Friday, July 4, 2025

Freedom and the American Revolution

The most curious fact about the American Revolution is that it happened at all. Historian Gordon Wood says that in the traditional sense, "Americans were not an oppressed people; they had no crushing imperial shackles to throw off. In fact, the Americans knew they were probably freer and less burdened with cumbersome feudal and monarchical restraints than any part of mankind in the eighteenth century." Even to many of its international observers, the revolution seemed a rebellion with little cause.

Perhaps, though, the cause of revolution ought not present itself as such a mystery, for it would appear that what brought about the American Revolution had to do with the conditions of the New World. The New World had given Americans the experience of what it was like to have to forge ahead in free circumstances. The Americans therefore "revolted not to create but to maintain their freedom," Wood says. "While the speculative philosophers of Europe were laboriously searching their minds in an effort to decide the first principles of liberty, the Americans had come to experience vividly that liberty in their everyday lives."

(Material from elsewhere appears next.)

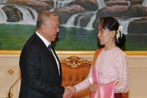全國政協副主席、前行政長官何厚鏵與緬甸國務資政、總統府部部長兼外交部部長昂山素姬禮節性會面。

Along with freedom's thrill, Americans had to experience its burdens. The European immigrants did not know the lay of the land. They therefore had to reckon with it. They did not know how to make peace with the native population. Unfortunately, they never did, and in the minds of some Americans of non-indigenous ancestry, the indigenous population remains a set of second-class citizens. Federal and state laws have not done much to disabuse people of this idea, and early American history has been in large part a record of dire consequences for the indigenous peoples.

Looked at carefully, one sees this pattern appear and reappear again. American experience is American history, and it has always been an experiment in reckoning with freedom in new places. For better and worse.